I'm told that the weather is rather hot these days in KL. So maybe I'm glad that I'm not going home so soon. Unfortunately it's the rainy season over here in Bangkok. And that makes the traffic worse. Hopefully the rain won't ruin my activities this weekend--not that I have anything planned yet for the next two days. Bought a copy of the popular GroovyMap for Bangkok yesterday. I'll study it thoroughly to see what interesting things I could do.

It is interesting to find some Thai executives using a single initial as their name when they introduce themselves, simply because their names are so difficult for foreigners to catch, let alone pronounce. "Hi, I'm A., the account manager". Makes me want to introduce myself as "K., the engineer" Gives a very Kafkaesque feel to the whole thing.
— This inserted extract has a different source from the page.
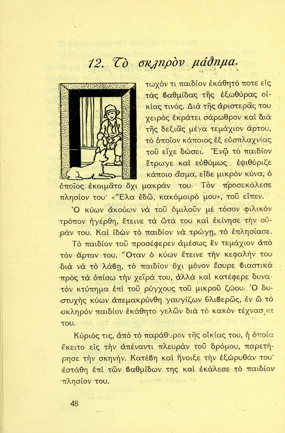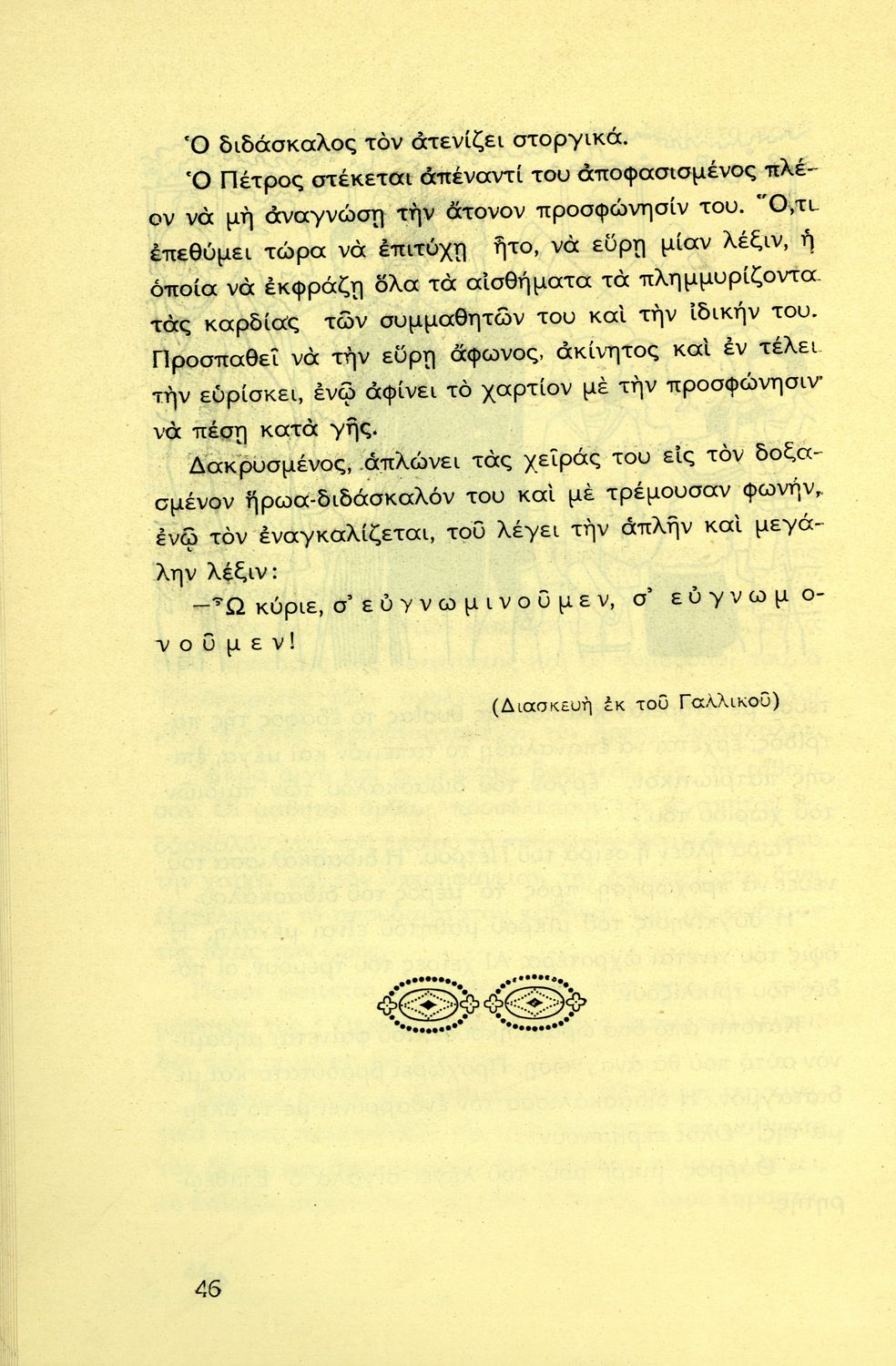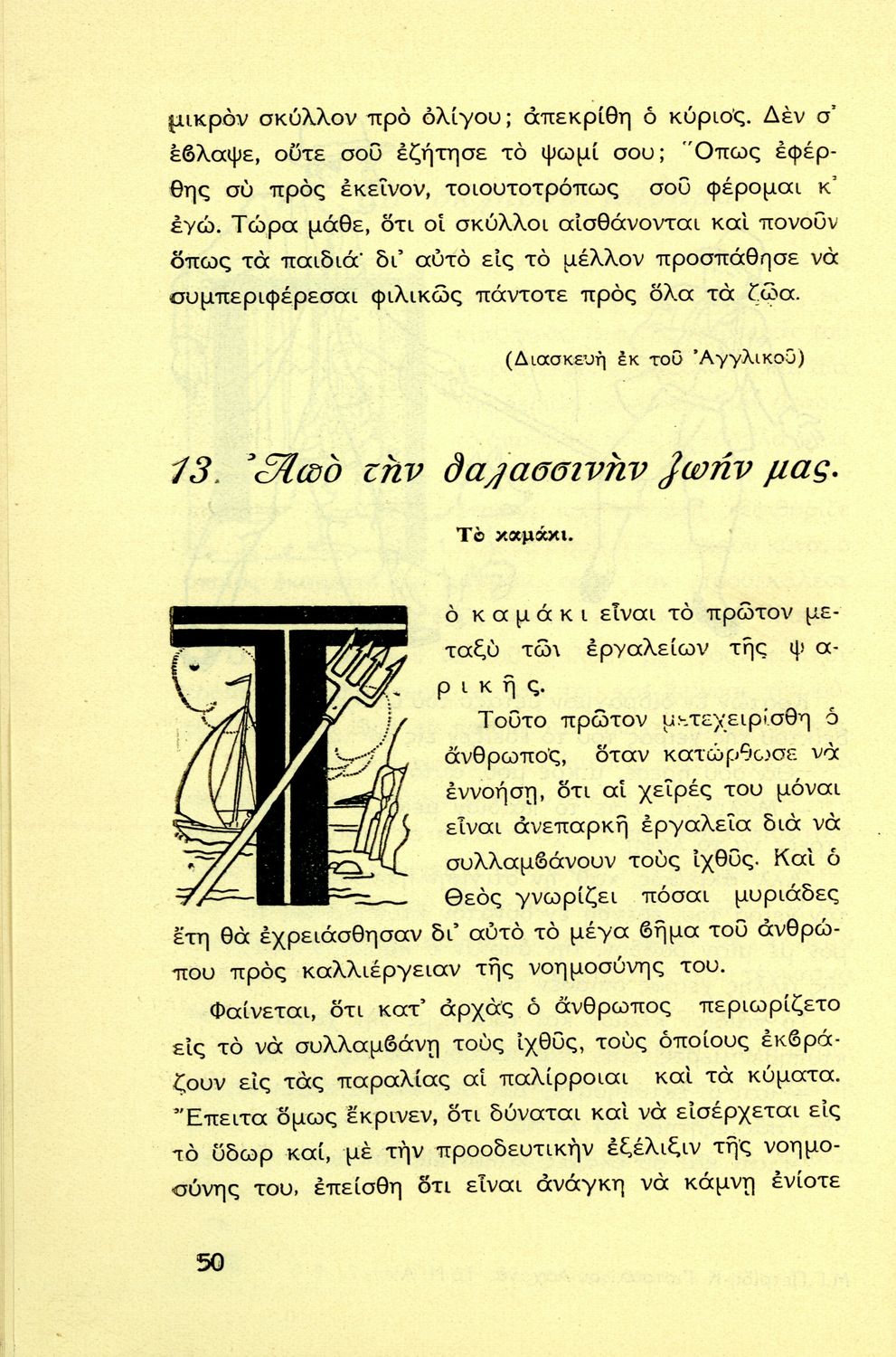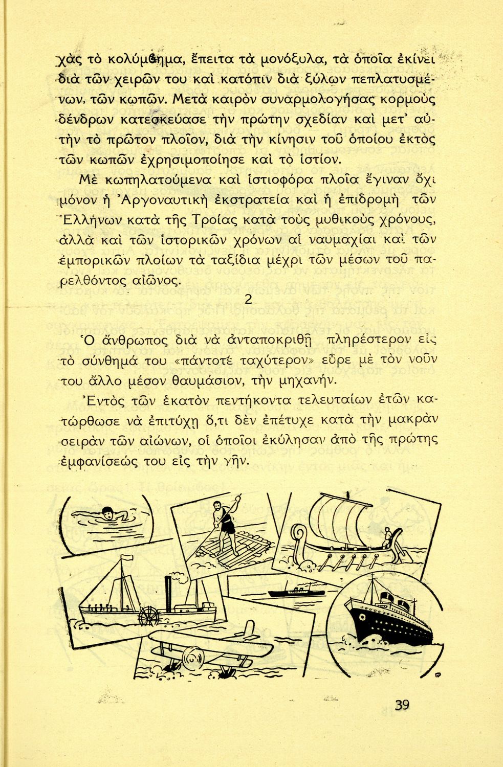 Βαθμίδα εκπαίδευσης: Πρωτοβάθμια Τάξη: Ε' Δημοτικού Μάθημα: Νέα Ελληνικά Γλώσσα: Καθαρεύουσα Παρουσίαση περιεχομένου: Αναγνωστικό Ε΄ Δημοτικού που περιλαμβάνει πεζά και ποιήματα από την καθημερινότητα των ανθρώπων στην ελληνική ύπαιθρο, από την ζωή στο χωριό, την ελληνική ιστορία, τις διαπροσωπικές σχέσεις, την αγάπη για τα ζώα και το φυσικό περιβάλλον, τα επαγγέλματα και τις ασχολίες των ανθρώπων, τη θρησκευτική παράδοση, τις ηθικές αξίες και αρετές, τα στοιχεία της φύσης και τις 4 εποχές του χρόνου, την βυζαντινή τέχνη και τον πολιτισμό, την υγιεινή των ανθρώπων και την ελληνική μυθολογία. |

In Indonesia, I've met many people by the name of Henny, Benny, Lenny and Yenny but never "Kenny". Those who speak English would of course know that it is a pretty common name, but somehow the working class people there often find my name "lucu". And they always like to spell it "Keni", which makes it even more lucu.

I find some of the Indonesians name lucu too--for example "Puput" (pronounced "poo-poot") and "Iis" ("ee-ease"). I've also met a guy by the name of "Nunuk". Great care has to be taken in pronouncing this particular name correctly. The proper pronunciation is "nooo-noook"--with extra emphasis on the "u" sound. Indonesians will know that it will be quite embarassing indeed if someone unknowingly makes the "u" sound a bit like "o"!